▸ **Stored data**
▼
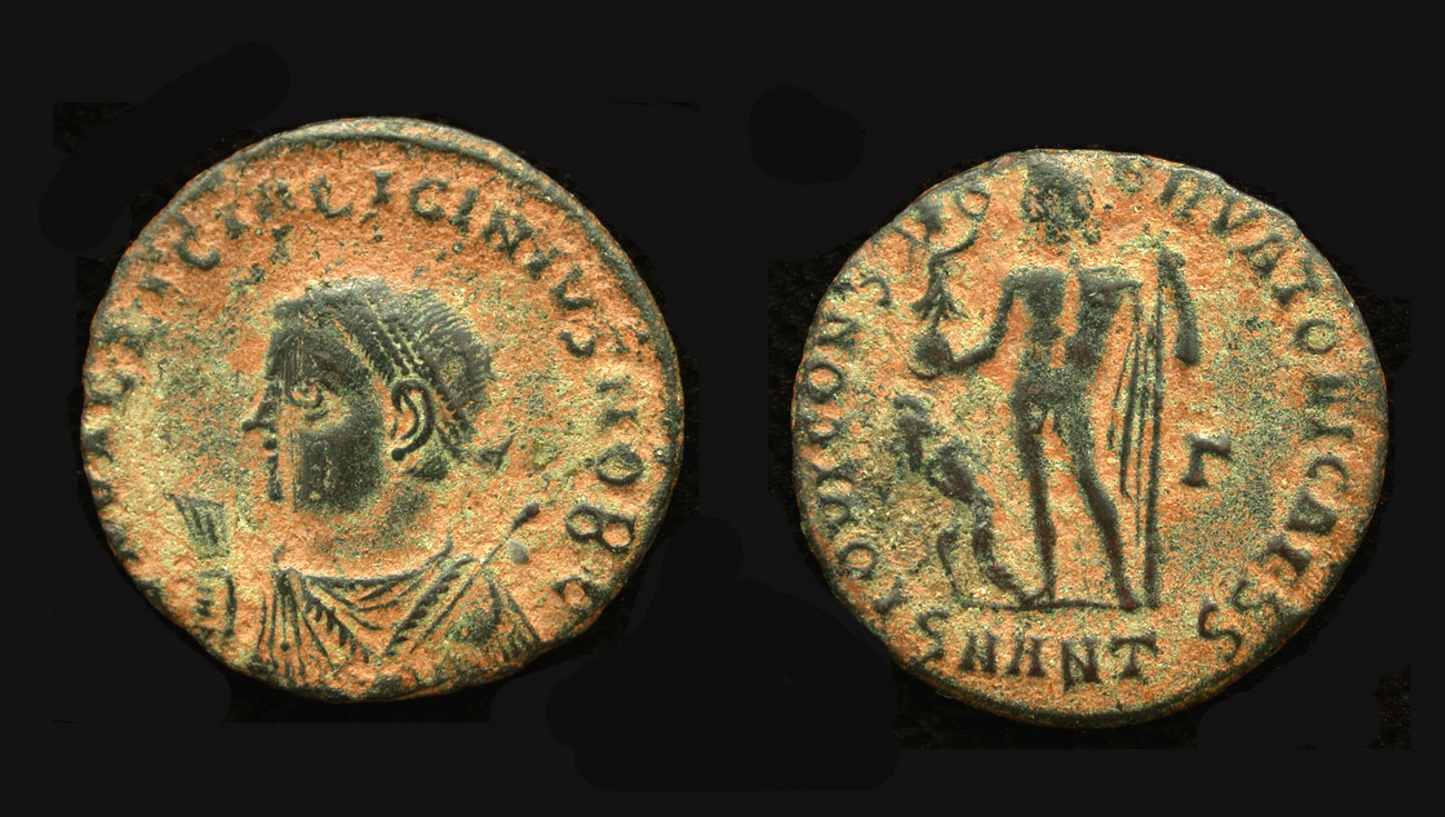 Obv/ DN VAL LICIN LICINIVS IVN NOB C; laur. bust left, wearing Imperial mantle, holding mappa, globe and scepter.
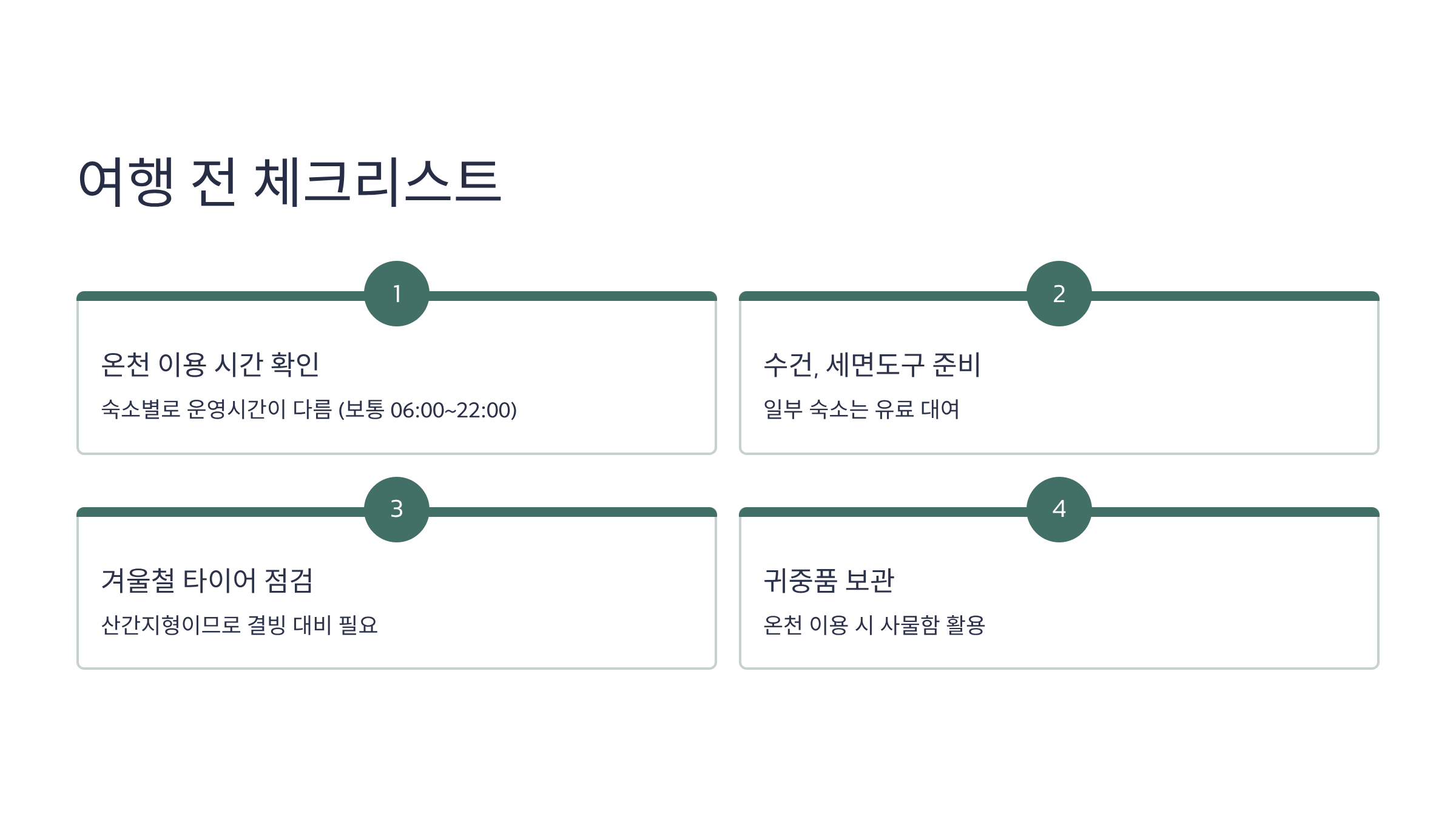 - 온천 이용 시간 확인 : 숙소별로 운영시간 다름 (보통 06:00~22:00)
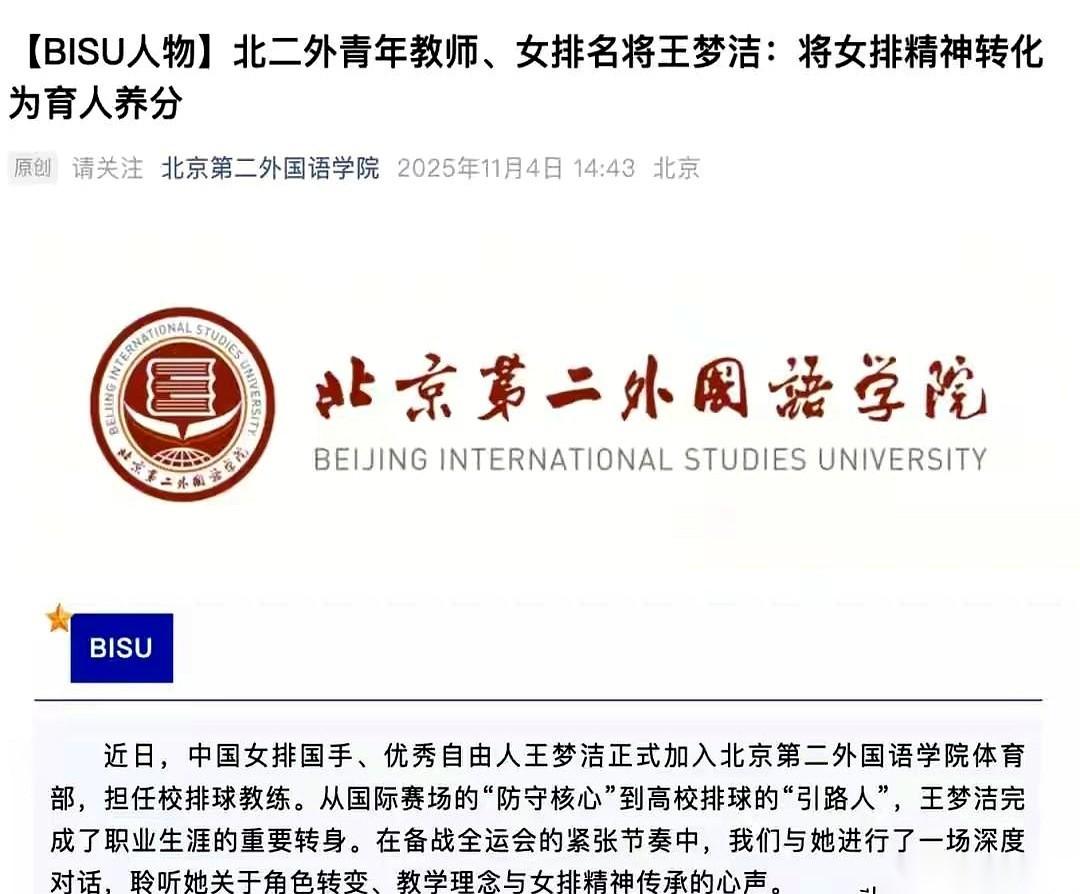刷手机猛地看到,王梦洁去大学当排球教练了。 北京第二外国语学院。 那一瞬间,心里咯噔一下,有点恍惚。 去年10月才结的婚,现在又有了新身份,这是……准备“上岸”了? 也对。运动员的职业生涯,有几个四年?满打满算,也就两三届奥运会的高光时刻,然后呢?然后就是我们这些普通人正在经历的,结婚,工作,过日子。 掰着手指头数了数,巴黎奥运那批姑娘,现在还在国家队的就剩李盈莹、龚翔宇、王媛媛她们几个了。 下一个洛杉矶,谁又能坚持到最后? 这问题问出来,自己都觉得有点残忍。 我们总念叨着“女排精神”,总希望她们永远年轻,永远在场上拼杀,但忘了她们也是一个个活生生的人啊。 会累,会疼,会被伤病拖垮,也需要一个安稳的家,一份踏实的工作。 看着她们一个个从赛场上飞天遁地的女孩,慢慢找到人生的下一站,挺好的。真的。 青春的赛场上哪有什么常青树。 只有一代代用热血和伤病浇灌过的,滚烫的回忆。
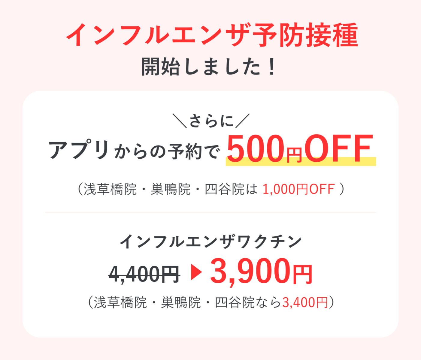 割引対象: 「クリフォア」アプリから各院の「インフル予防接種」を選択のうえ来院予約をした方
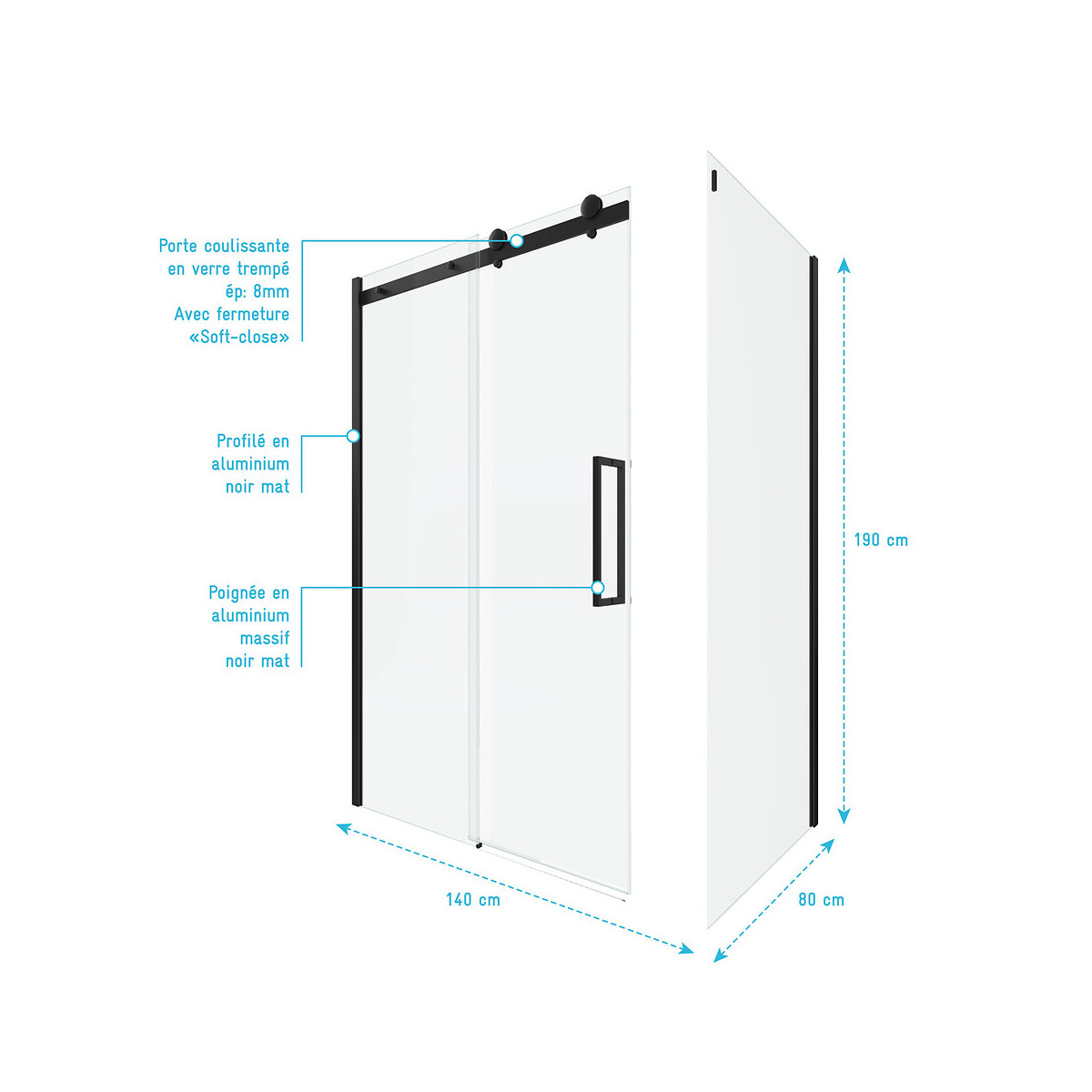 Caractéristiques de la porte de douche coulissante : Paroi de douche type industriel 1 porte coulissante en verre trempé 8mm transparent Roulement à galet noir mat Profilés de fixation murale ajustables de -2cm noir mat Verre trempé 8mm transparent Poignée en aluminium laquée noir mat Sens d'ouverture réversible Fermeture ‘‘soft close’’ Dimensions 140x200cm Caractéristiques de la paroi de retour : 1 Paroi de retour de douche type industriel en verre trempé 8mm transparent Profilés de fixation murale ajustables de -1cm noir mat Dimensions 80x200cm Plus produit : Fermeture progressive (Soft close) fini les portes qui claquent ! Verre 8mm Systeme de roulement type industriel design Référence : FAC628 Désignation produit : RAILROAD DARK 140 FRONT + RAILROAD DARK 80 RETOUR Garantie 2 ans pièces et non main d'oeuvre. Profilé noir mat thermolaqué : Le thermolaquage est une technique de traitement spécifique réservé aux matériaux en métal ou en aluminium brut. On projette de la peinture en poudre chargée en électricité statique qui va se déposer sur toute la surface des profilés. Cette technique de pulvérisation en poudre , qui s’appelle projection électrostatique ou poudrage électrostatique, permet d'avoir un revêtement complètement uniforme sur tous les profilés. Ce type de traitement dispense l’utilisation de produits chimiques nocifs pour la santé et l’environnement comme les solvants. Après avoir été recouverte de poudre, la pièce doit passer dans un four où elle sera chauffée pendant 20 minutes à 200°C. Les avantages du thermolaquage : Cette technique possède de nombreux avantage, qui sont La surface peinte possède une dureté supérieure ce qui a pour conséquence une résistance aux chocs accrue Le thermolaquage a une meilleure résistance à la corrosion La couleur des profilés thermolaqués résiste mieux au vieillissement et tout autres élément tel que l'humidité etc. Les profilés thermolaqués présentent une meilleure finition, fini les coulures de peinture et défauts d'aspect, avec cette technique la surface est uniforme Sans solvant c'est un véritable plus pour la santé Mais aussi plus écologique (pas de solvants) Dans un souci de qualité mais aussi de sécurité nos produits répondent à toutes les normes Européennes en vigeur. Que ce soit en terme de sécurité en cas de casse, d'entretien de nos produits ou de la durée de vie de ces derniers, nos produits remplissent tous les critères. Verre trempé : Le verre trempé est un verre qui a subi un traitement afin d’améliorer ses propriétés. Nous utilisons la trempe thermique qui consiste à porter le verre à très haute température (environ à 700 °C), puis de le refroidir rapidement. Ce processus favorise l'apparition de tensions en profondeur et celle de la compression à la surface du verre. Tout cela a pour effet l’amélioration de sa résistance aux chocs. Il est de 2 à 5 fois plus résistant que le verre simple. Mais aussi diminue grandement la dangerosité du verre car en cas de casse le verre explose en de petits morceaux et non pas en de grands pans tranchants. Pour le reste il conserve les mêmes propriétés que le verre classique Norme harmonisée : EN14428:2004 Certification Européenne: Aptitude au nettoyage : EN14428 :2004+A1:2008 Clause 4.2 Résistance à l’impact / Propriétés d’éclatement: EN14428:2004+A1:2008 Clause 4.3 Durabilité : EN14428:2004+A1:2008 Clause 4.4 MyShowerRoom c’est aussi la garantie de durabilité : Nous garantissons un stocks de pièces détachées d’au moins 5 ans Notre visserie est en acier inoxydable ce qui est une garantie anticorrosion Garantie 2 ans pièces uniquement Cocorico ! MyShowerRoom est une entreprise Française et toute la conception de nos produits est également Française. Ce qui est un véritable plus pour être au plus près de ses clients et avoir une meilleure connaissance de leurs attentes. Qui sommes nous L’HISTOIRE DE MYSHOWERROOM Nous avons créé MyShowerRoom en 2003 avec l’ambition de démocratiser le design et l’innovation dans la salle de bain pour faire de cette pièce un lieu à part entière, un véritable lieu d’histoires à vivre pour toute la famille. Nos cabines de douche et meubles de salle de bain dans l’ère du temps à des tarifs très accessibles. Nos nombreux brevets garantissent l’originalité de notre gamme de cabines de douches. Et nos ingénieurs mettent en œuvre tout leur savoir-faire et toutes les technologies innovantes au service d’une simplicité d’installation et d’utilisation incomparable pour tous. ÊTRE BIENVEILLANT AVEC NOS CLIENTS Notre service client a un objectif : rendre nos clients heureux. Pour cela nous veillons à répondre dans les 24h aux demandes clients. Mais aussi de toujours apporter une solution et entière satisfaction à nos clients. CONSTRUIRE DES PRODUITS TOUJOURS PLUS PERFORMANTS Nos ingénieurs, ainsi que nos équipes terrain consacrent tous leurs efforts à créer des produits adaptés à vos besoins, et toujours plus innovants grâce à nos technologies. Notre objectif est d’être votre unique interlocuteur pour tous vos projets de salle de bain. CONCRÉTISER LES RÊVES DE CHACUN Un projet de salle de bain ? Nous le réalisons ! Lieu de détente et de relaxation par excellence, la salle de bain est une des pièces maîtresse de la maison. Chez MyShowerRoom, nous mettons tout en oeuvre afin que ce rêve devienne réalité. PROPOSER UNE GAMME COMPLÈTE DE PRODUITS Nous vous proposons grâce à notre boutique en ligne une gamme complète de produits Made in MyShowerRoom pour équiper, et accessoiriser votre salle de bain. Un catalogue que nous renouvelons régulièrement avec les dernières technologies MyShowerRoom. APPORTER UNE EXPERTISE HUMAINE Parce que l’humain passe avant tout, nous travaillons avec les meilleurs experts. La satisfaction de nos clients est notre seule et unique priorité. Chaque
▲
▸ **The task**
Transcribe every line of the records exactly. Pictures do not belong in the copy.

▸ **Result below**
 Obv/ DN VAL LICIN LICINIVS IVN NOB C; laur. bust left, wearing Imperial mantle, holding mappa, globe and scepter.
 - 온천 이용 시간 확인 : 숙소별로 운영시간 다름 (보통 06:00~22:00)
刷手机猛地看到,王梦洁去大学当排球教练了。 北京第二外国语学院。 那一瞬间,心里咯噔一下,有点恍惚。 去年10月才结的婚,现在又有了新身份,这是……准备“上岸”了? 也对。运动员的职业生涯,有几个四年?满打满算,也就两三届奥运会的高光时刻,然后呢?然后就是我们这些普通人正在经历的,结婚,工作,过日子。 掰着手指头数了数,巴黎奥运那批姑娘,现在还在国家队的就剩李盈莹、龚翔宇、王媛媛她们几个了。 下一个洛杉矶,谁又能坚持到最后? 这问题问出来,自己都觉得有点残忍。 我们总念叨着“女排精神”,总希望她们永远年轻,永远在场上拼杀,但忘了她们也是一个个活生生的人啊。 会累,会疼,会被伤病拖垮,也需要一个安稳的家,一份踏实的工作。 看着她们一个个从赛场上飞天遁地的女孩,慢慢找到人生的下一站,挺好的。真的。 青春的赛场上哪有什么常青树。 只有一代代用热血和伤病浇灌过的,滚烫的回忆。
 割引対象: 「クリフォア」アプリから各院の「インフル予防接種」を選択のうえ来院予約をした方
 Caractéristiques de la porte de douche coulissante : Paroi de douche type industriel 1 porte coulissante en verre trempé 8mm transparent Roulement à galet noir mat Profilés de fixation murale ajustables de -2cm noir mat Verre trempé 8mm transparent Poignée en aluminium laquée noir mat Sens d'ouverture réversible Fermeture ‘‘soft close’’ Dimensions 140x200cm Caractéristiques de la paroi de retour : 1 Paroi de retour de douche type industriel en verre trempé 8mm transparent Profilés de fixation murale ajustables de -1cm noir mat Dimensions 80x200cm Plus produit : Fermeture progressive (Soft close) fini les portes qui claquent ! Verre 8mm Systeme de roulement type industriel design Référence : FAC628 Désignation produit : RAILROAD DARK 140 FRONT + RAILROAD DARK 80 RETOUR Garantie 2 ans pièces et non main d'oeuvre. Profilé noir mat thermolaqué : Le thermolaquage est une technique de traitement spécifique réservé aux matériaux en métal ou en aluminium brut. On projette de la peinture en poudre chargée en électricité statique qui va se déposer sur toute la surface des profilés. Cette technique de pulvérisation en poudre , qui s’appelle projection électrostatique ou poudrage électrostatique, permet d'avoir un revêtement complètement uniforme sur tous les profilés. Ce type de traitement dispense l’utilisation de produits chimiques nocifs pour la santé et l’environnement comme les solvants. Après avoir été recouverte de poudre, la pièce doit passer dans un four où elle sera chauffée pendant 20 minutes à 200°C. Les avantages du thermolaquage : Cette technique possède de nombreux avantage, qui sont La surface peinte possède une dureté supérieure ce qui a pour conséquence une résistance aux chocs accrue Le thermolaquage a une meilleure résistance à la corrosion La couleur des profilés thermolaqués résiste mieux au vieillissement et tout autres élément tel que l'humidité etc. Les profilés thermolaqués présentent une meilleure finition, fini les coulures de peinture et défauts d'aspect, avec cette technique la surface est uniforme Sans solvant c'est un véritable plus pour la santé Mais aussi plus écologique (pas de solvants) Dans un souci de qualité mais aussi de sécurité nos produits répondent à toutes les normes Européennes en vigeur. Que ce soit en terme de sécurité en cas de casse, d'entretien de nos produits ou de la durée de vie de ces derniers, nos produits remplissent tous les critères. Verre trempé : Le verre trempé est un verre qui a subi un traitement afin d’améliorer ses propriétés. Nous utilisons la trempe thermique qui consiste à porter le verre à très haute température (environ à 700 °C), puis de le refroidir rapidement. Ce processus favorise l'apparition de tensions en profondeur et celle de la compression à la surface du verre. Tout cela a pour effet l’amélioration de sa résistance aux chocs. Il est de 2 à 5 fois plus résistant que le verre simple. Mais aussi diminue grandement la dangerosité du verre car en cas de casse le verre explose en de petits morceaux et non pas en de grands pans tranchants. Pour le reste il conserve les mêmes propriétés que le verre classique Norme harmonisée : EN14428:2004 Certification Européenne: Aptitude au nettoyage : EN14428 :2004+A1:2008 Clause 4.2 Résistance à l’impact / Propriétés d’éclatement: EN14428:2004+A1:2008 Clause 4.3 Durabilité : EN14428:2004+A1:2008 Clause 4.4 MyShowerRoom c’est aussi la garantie de durabilité : Nous garantissons un stocks de pièces détachées d’au moins 5 ans Notre visserie est en acier inoxydable ce qui est une garantie anticorrosion Garantie 2 ans pièces uniquement Cocorico ! MyShowerRoom est une entreprise Française et toute la conception de nos produits est également Française. Ce qui est un véritable plus pour être au plus près de ses clients et avoir une meilleure connaissance de leurs attentes. Qui sommes nous L’HISTOIRE DE MYSHOWERROOM Nous avons créé MyShowerRoom en 2003 avec l’ambition de démocratiser le design et l’innovation dans la salle de bain pour faire de cette pièce un lieu à part entière, un véritable lieu d’histoires à vivre pour toute la famille. Nos cabines de douche et meubles de salle de bain dans l’ère du temps à des tarifs très accessibles. Nos nombreux brevets garantissent l’originalité de notre gamme de cabines de douches. Et nos ingénieurs mettent en œuvre tout leur savoir-faire et toutes les technologies innovantes au service d’une simplicité d’installation et d’utilisation incomparable pour tous. ÊTRE BIENVEILLANT AVEC NOS CLIENTS Notre service client a un objectif : rendre nos clients heureux. Pour cela nous veillons à répondre dans les 24h aux demandes clients. Mais aussi de toujours apporter une solution et entière satisfaction à nos clients. CONSTRUIRE DES PRODUITS TOUJOURS PLUS PERFORMANTS Nos ingénieurs, ainsi que nos équipes terrain consacrent tous leurs efforts à créer des produits adaptés à vos besoins, et toujours plus innovants grâce à nos technologies. Notre objectif est d’être votre unique interlocuteur pour tous vos projets de salle de bain. CONCRÉTISER LES RÊVES DE CHACUN Un projet de salle de bain ? Nous le réalisons ! Lieu de détente et de relaxation par excellence, la salle de bain est une des pièces maîtresse de la maison. Chez MyShowerRoom, nous mettons tout en oeuvre afin que ce rêve devienne réalité. PROPOSER UNE GAMME COMPLÈTE DE PRODUITS Nous vous proposons grâce à notre boutique en ligne une gamme complète de produits Made in MyShowerRoom pour équiper, et accessoiriser votre salle de bain. Un catalogue que nous renouvelons régulièrement avec les dernières technologies MyShowerRoom. APPORTER UNE EXPERTISE HUMAINE Parce que l’humain passe avant tout, nous travaillons avec les meilleurs experts. La satisfaction de nos clients est notre seule et unique priorité. Chaque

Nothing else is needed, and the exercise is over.